Task to carry out: Only one portion of the data is to be written out: from the line bearing "Unsere Baby Sweatshirts" through the line bearing "Bayla, from an". Write it exactly as it appears.

Dataset excerpts:
------------------------------------------------

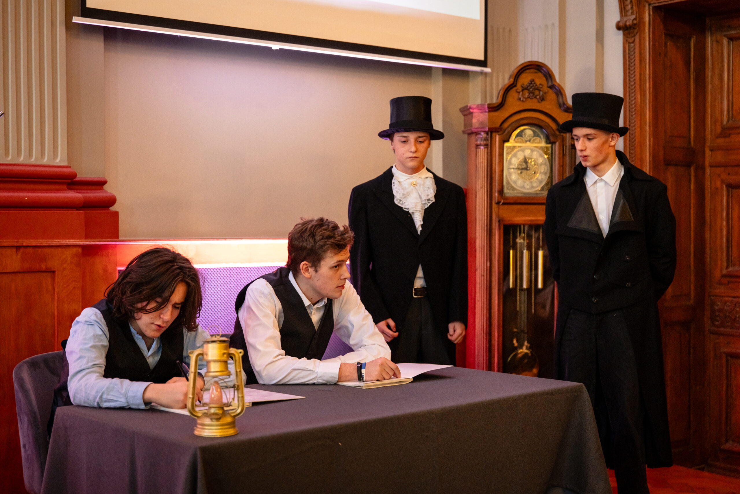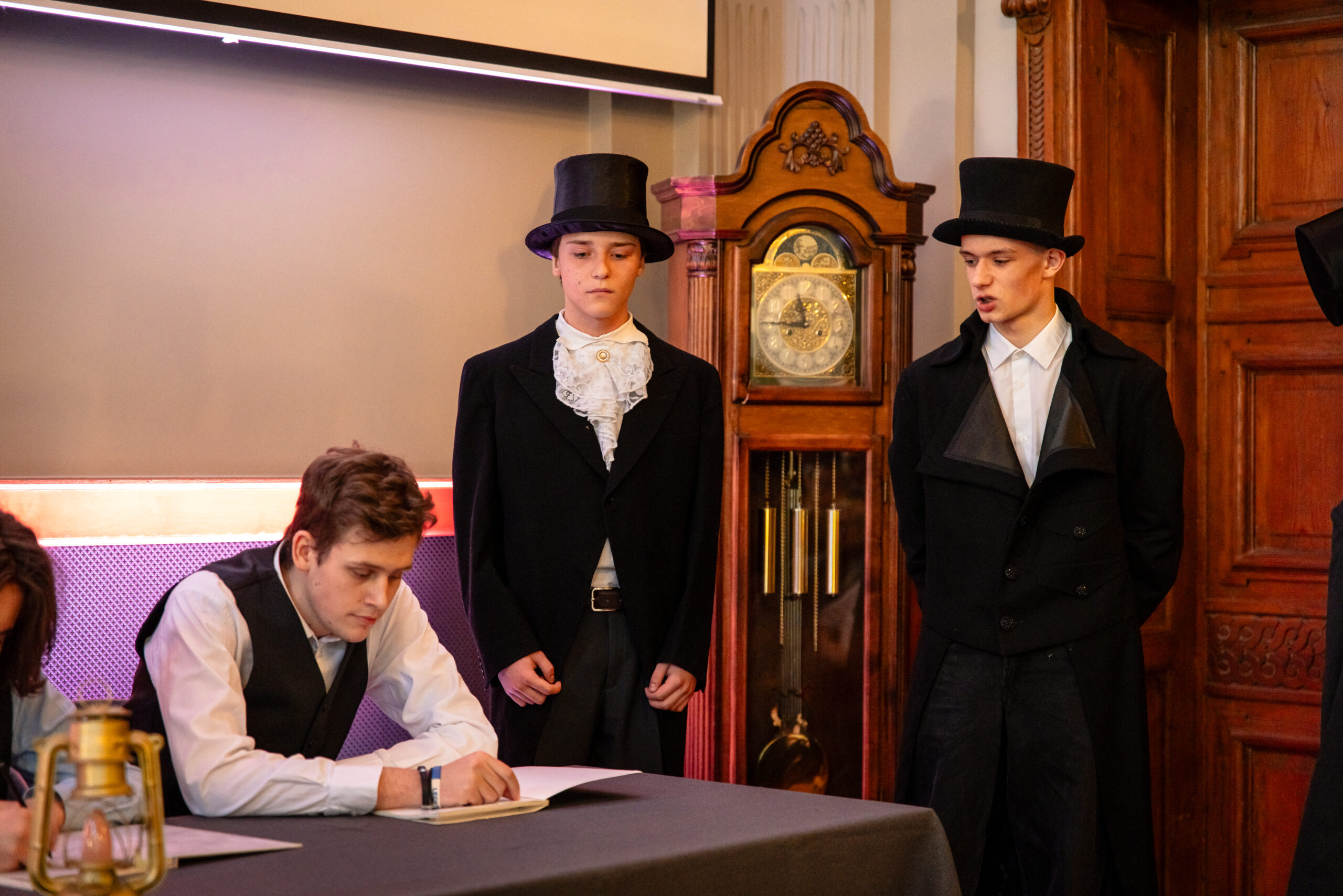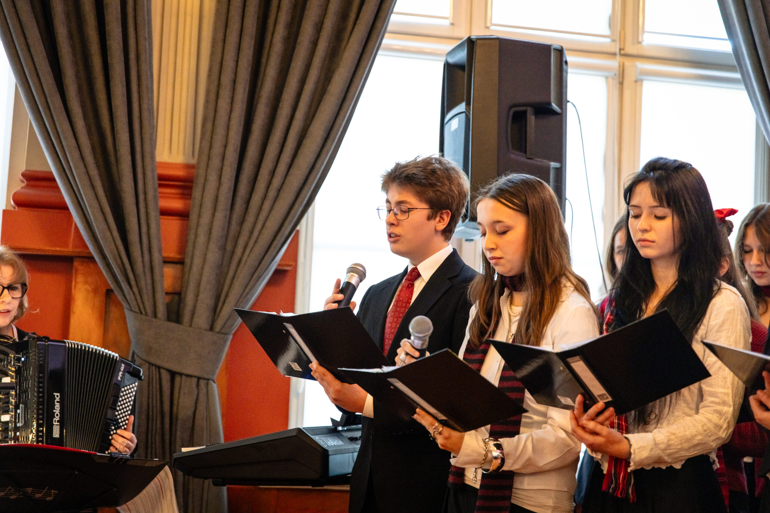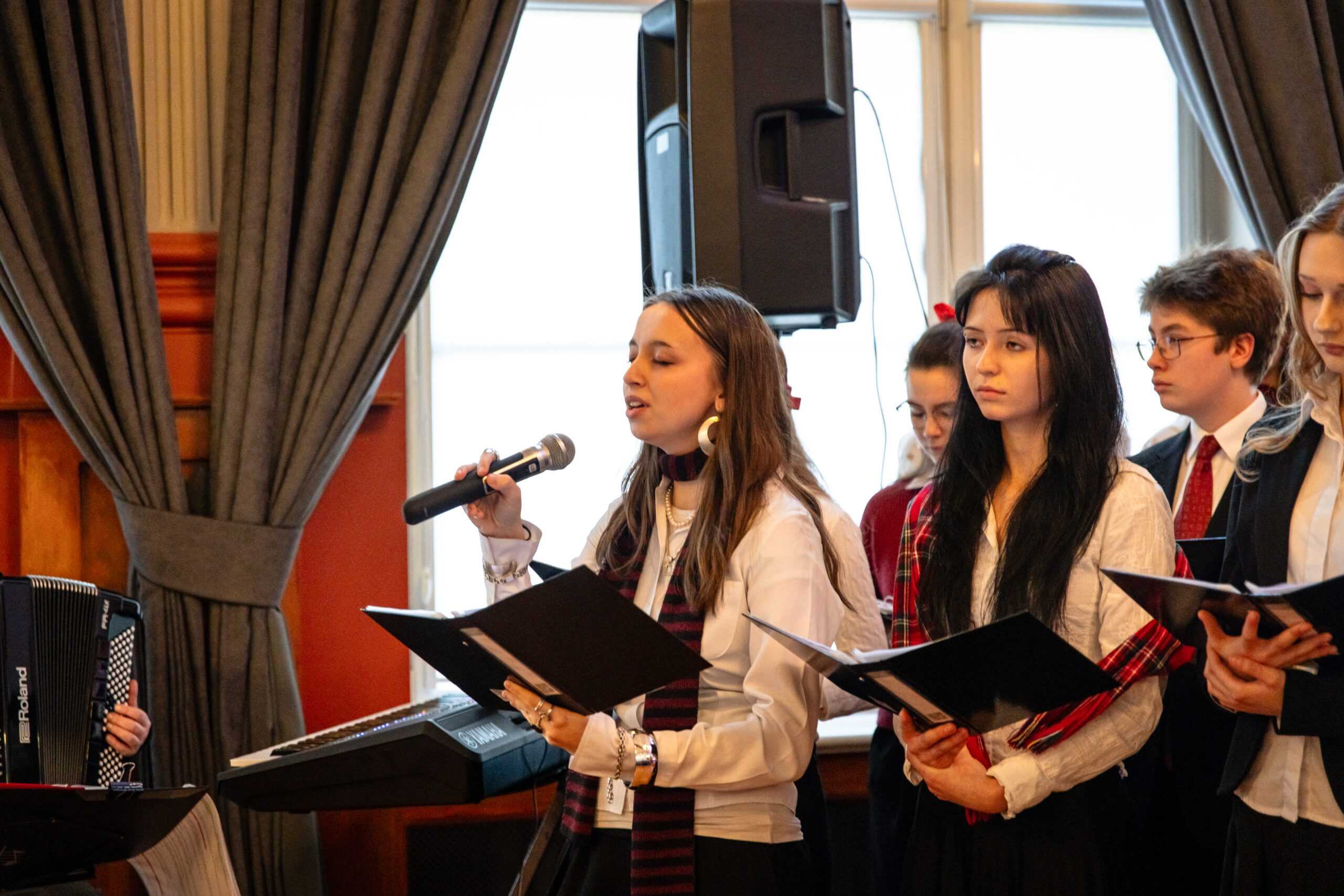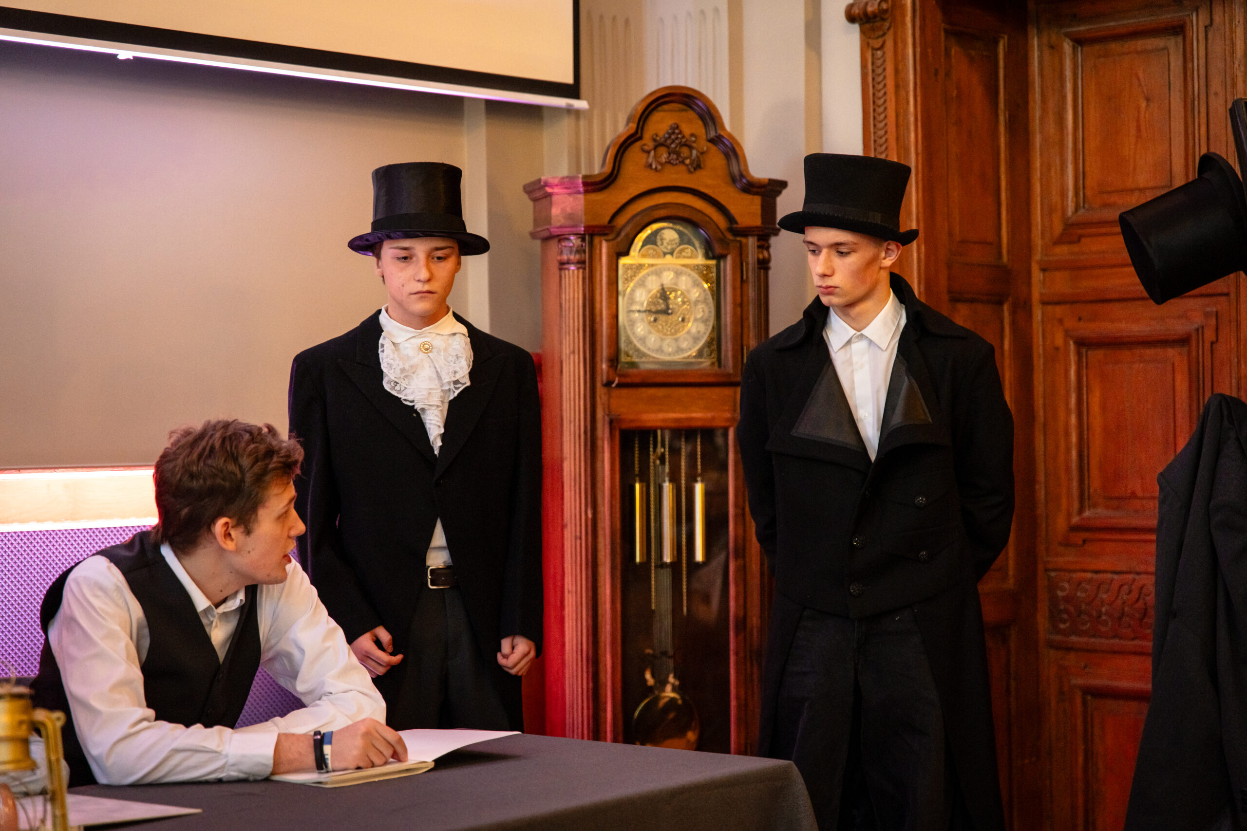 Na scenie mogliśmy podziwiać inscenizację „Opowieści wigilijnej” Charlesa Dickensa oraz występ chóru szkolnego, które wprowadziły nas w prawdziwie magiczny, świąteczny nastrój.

------------------------------------------------

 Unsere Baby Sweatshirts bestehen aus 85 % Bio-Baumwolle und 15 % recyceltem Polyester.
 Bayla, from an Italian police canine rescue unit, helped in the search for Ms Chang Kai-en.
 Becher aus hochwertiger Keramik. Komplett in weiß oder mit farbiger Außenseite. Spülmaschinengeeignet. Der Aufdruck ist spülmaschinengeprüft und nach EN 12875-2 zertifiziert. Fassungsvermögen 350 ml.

------------------------------------------------

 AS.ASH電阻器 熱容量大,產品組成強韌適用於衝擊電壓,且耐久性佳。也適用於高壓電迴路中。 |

------------------------------------------------

Response for this exercise:
 Unsere Baby Sweatshirts bestehen aus 85 % Bio-Baumwolle und 15 % recyceltem Polyester.
 Bayla, from an Italian police canine rescue unit, helped in the search for Ms Chang Kai-en.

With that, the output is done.